All that said, if we know we’re using proportionate representation ranking, the CIVS docs really can’t be clearer about which mode is applicable wrt to best-candidate vs. combined-weights in a multiwinner election:
Combined weights. In combined-weights mode, the voter gives a nonnegative weight to each candidate instead of ranking the candidates. The voter’s goal is to maximize the sum of weights of selected candidates. This is an appropriate criterion for elections where the quality of all the candidates is important to the voters, such as the election of an actual committee that will be voting on some issues.
The SC is “an actual committee that will be voting on some issues”. In which case, the CIVS docs plainly say “use ‘combined weights, don’t use best-candidate’”. I’m concerned that the decision to use best-candidate mode was just an oversight, and I have no idea what impact it will have on the outcome, because it seems like a nonsensical choice for any multiwinner election.
Best-candidate makes sense for representative bodies, in which case it optimizes for the likelihood that a given voter gets a member of the elected body that they feel is aligned to their interests.
I think that is the function of the “proportional” part of “proportional best-candidate,” but not the “best-candidate” bit. “Best-candidate” is for single-winner elections.
No, I don’t think that’s right. The best-candidate versus combined-weights decision is about how to ‘lift’ (CIVS’s term) a voter’s ranking of individual candidates to a ranking of sets of candidates. CIVS’s proportional elections work by conducting a ‘single-winner’ election over potential winner sets—if there are 20 candidates for a 7-winner election, there are (20 choose 7) 7-candidate winner sets to be ranked in this way. This is true of both best-candidate and combined-weights modes; the only difference is how the ranking of the (20 choose 7) sets is computed from a voter’s ranking of the 20 candidates.
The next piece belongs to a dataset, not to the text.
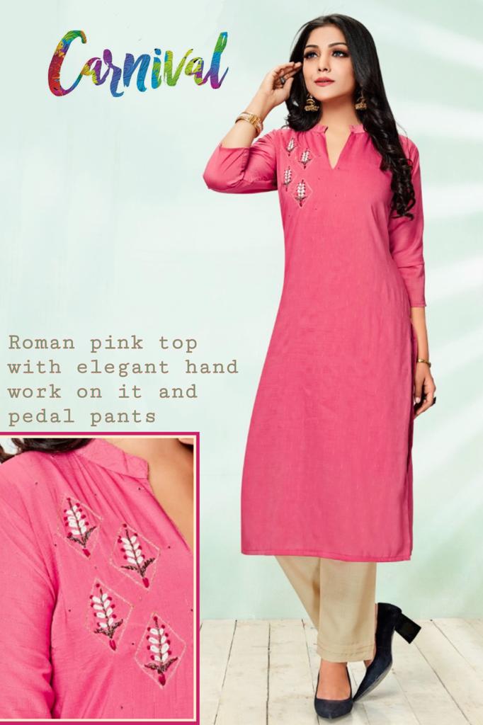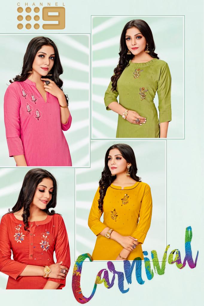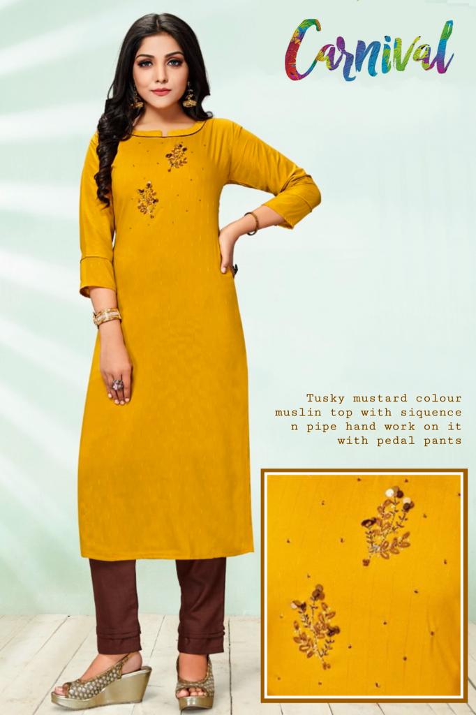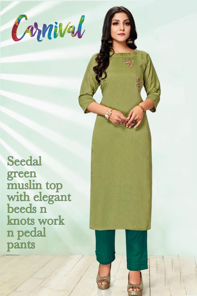 CARNIVAL PARTY POPS ————————————— *New Super MUSLIN PATTERN Kurti With Elegant knot pipe n siquence work on it and pedal pants Catalogue * 📙Catalogue # CARNIVAL 💰Rate # *₹*6️⃣9️⃣5️⃣ *only 👗Designs # 04 ✂Sizes #. L- XL-XXL 👘*Fabric Details * Kurta- Finest Quality of muslin pant - duke cotton Regards__ Channel 9 SURAT |

Best-candidate will prefer set A over set B if the best candidate from A is better than the best candidate from B, and combined-weights will look at the entire composition of A and B to compare them.
The subgroups are sort of dynamically calculated from the votes; see the CIVS docs for details, but the short version is that voters’ preferences for a winner set are truncated past the number of candidates approximately equal to the size of that voting bloc, so that 60% of the voters who more or less agree can only influence about 60%-ish of the final committee.
Ah. I don’t have an opinion then. Well, I have one- CIVS is misusing terminology and causing confusion. Elections shouldn’t be this hard to understand.
OK, I won’t quibble about it. I’d still like to know how the result will be computed, because I’ve been told that OpaVote doesn’t support this particular best-candidate mode.
The CIVS recommendation has been considered, but the level of confidence of this recommendation was found not high enough for overruling other considerations.
The tallying systems considered were those supporting some emergent proportionality, not proportionality among explicit electoral blocks. This is unlike e.g. Kubernetes who choose top-Condorcet-ranked candidates.
Note to the people who haven’t voted yet: Please be aware that if you leave the voting page open for more than an hour, you won’t be able to submit the ballot without reloading and losing what you entered, so you might want to make a screenshot beforehand!
While testing tallying of ballots using CIVS this weekend, I’ve noticed a potentially major problem: CIVS might be infeasibly slow to compute the result. In a test with randomised ballots, the result is still being computed after ~40 hours, with absolutely no progress being reported!
Since closing the election would give us access to the ballots, I’m making the case to the EC that we need to delay closing until we are sure that using CIVS is feasible, and otherwise decide on an alternative tallying mechanism in advance.
As such, I’m holding off closing the election myself for now and am bringing this topic up for internal discussion in the EC’s meeting later today. So you can still vote for now if you haven’t already, but should expect it to be closed later today.
It’s not even optimisation, as much as exploration — random ballots mean that basically all combinations are plausible, and life is full of pain because one needs to apply tie-breaking rules to thousands of thousand-committee preferences cycles (which need to be enumerated first). Have some people with a large support base and some with a much smaller one, and there are suddenly much fewer plausible committees to even compare.